MILAN, June 5 (Reuters) – UniCredit <CRDI.MI> Chief Government Andrea Orcel mentioned on Monday he could be “positively up for extra,” when requested about whether or not he would search a brand new mandate on the helm of the Italian financial institution.
The previous UBS funding banking chief began in April 2021, and in December that 12 months he introduced his ‘UniCredit Unlocked’ technique for Italy’s solely lender regulators deem of world relevance. He comes up for renewal in spring 2024.
“I really like my job, I really like UniCredit,” he informed a Bloomberg convention in Milan, including he thought his work on the Italian financial institution was not performed.
“UniCredit Unlocked has so much additional to go, if buyers and shareholders will vote me I am positively up for extra,” he added.
Orcel mentioned UniCredit was investing closely to strengthen revenue from fee-yielding companies, in order to scale back its nonetheless extreme reliance on internet curiosity revenue (NII) – the hole from charges charged on loans and people paid to boost funds.
Like different European banks that shortly raised the price of credit score for purchasers as official charges rose, whereas failing to regulate returns for depositors, UniCredit has reaped document earnings in current quarters due to the NII increase.
“We are able to value our deposits higher as a result of there’s a flight to high quality,” he mentioned.
Nonetheless, the scenario has began altering within the second quarter as larger charges have filtered by way of to depositors.

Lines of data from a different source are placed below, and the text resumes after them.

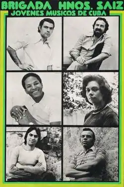 During the early 1970s, a group of musicians and composers, most of them graduated from the National School of Arts and the Havana Conservatory, gathered around an organization recently created by the government as the junior section of UNEAC (National Union of Writers and Artists of Cuba), the Brigada Hermanos Saíz.[30][31] Some of its member were composers Juan Piñera (nephew of the renowned Cuban writer Virgilio Piñera),[23] Flores Chaviano, Armando Rodríguez Ruidíaz, Danilo Avilés,[23] Magaly Ruiz, Efraín Amador Piñero and José Loyola. Other contemporary composers less involved with the organization were José María Vitier, Julio Roloff,[23] and Jorge López Marín.[32]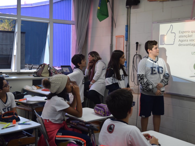 Durante a apresentação, as crianças de 4º e 5º anos levantaram questões para os jovens do 7º, que, por sua vez, responderam, baseando-se nas pesquisas realizadas. Ao final da apresentação, todos aprenderam o que devemos postar na internet e o que devemos deixar de “modo privado”.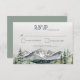Cette belle aventure rustique simple commence le mariage carte RSVP avec aquarelle peinte des montagnes paysage et beau support vert sauge, parfait pour l'automne, l'hiver ou le mariage de destination. Personnalisez-le avec les détails de votre jour de mariage.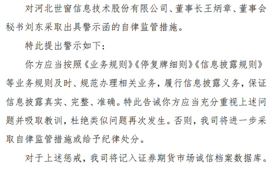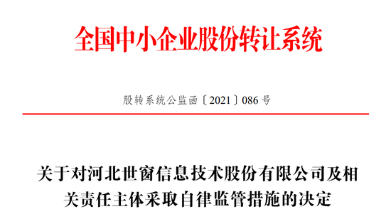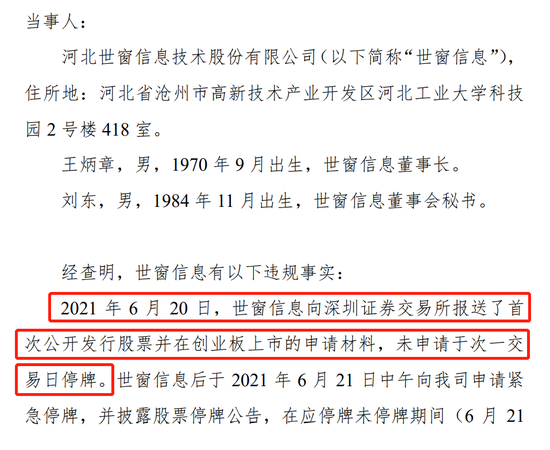 2021年7月20日,世窗信息因向交易所报送首次公开发行股票并在创业板上市的申请材料后,未申请于次一交易日停牌,全国股转公司对世窗信息、王炳章、刘东采取出具警示函的自律监管措施。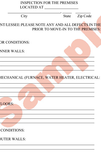 Landlords and Tenants use this Property Inspection Inventory form to document the move-in condition of the property. Like renting a car, the lessee (Tenant) must note any deficiencies in the property, and the lessor (Landlord) must note the good condition of all aspects of the property in order to claim any damages to be charged to the Tenant, and to deduct from the Tenant's security deposit. Landlords must use a move-in and a move-out Property Inspection Inventory denoting all damages claimed by the Landlord and charges being assessed against the Tenant's security, and sent to the Tenant at his or her reported new address.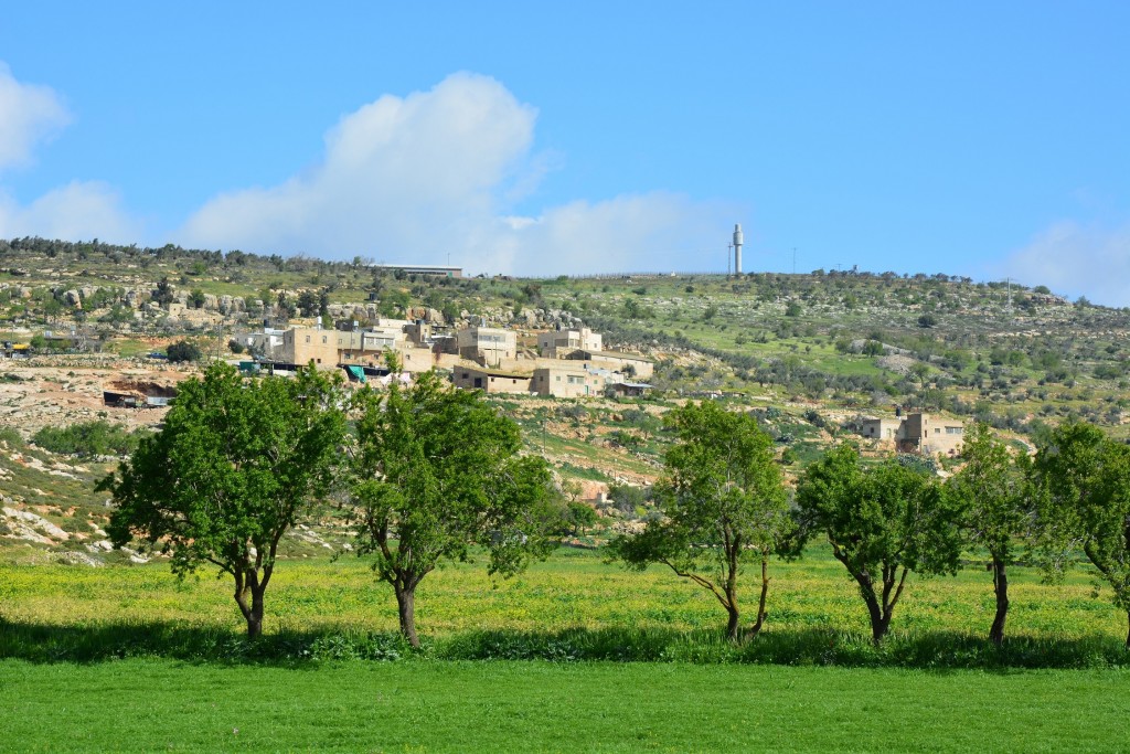 Åkern ligger insprängd böljande vackert mellan bergstoppar med utsikt över Tormus’ayya längre ned i dalen. På närliggande kullar ligger utposter från bosättningen Shilo.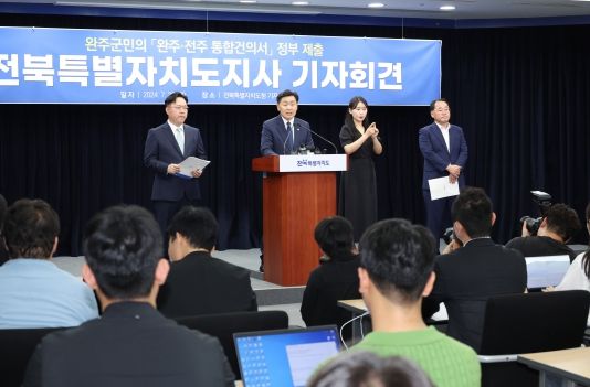 김 지사는 이날 도청 브리핑룸에서 가진 기자회견에서 “완주 전주 통합시를 광역시에 버금가는 강하고 단단한 전북의 중추도시로 만들겠다”고 강조했다.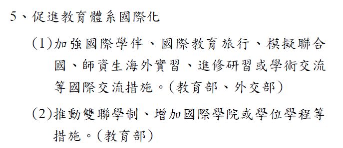 (一)全面啟動教育體系的雙語活化、培養臺灣走向世界 的雙語人才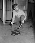Jailbreak Weapon - Trusty Owen Ainsworth, a witness to the break, holds the shower head used to slug three jail guards as prisoners escaped Wednesday night from the jail. The bloody glasses belong to Jason Young, desk sergeant, who was one of the injured. Ainsworth is standing by a pool of blood from Young's injury.

“The so referred to as ‘go by way of’ will enhance and that may create a headwind for banks,” Orcel mentioned.
To arrange for the challenges forward, that are prone to embody an increase in troubled loans from the second half of subsequent 12 months, UniCredit is targeted on reducing prices, Orcel mentioned, a job made tougher by excessive inflation.
“With the charges, the prices, we really feel our gross working margin will proceed rising … We’re comparatively assured that subsequent 12 months we’ll no less than be in step with this 12 months.”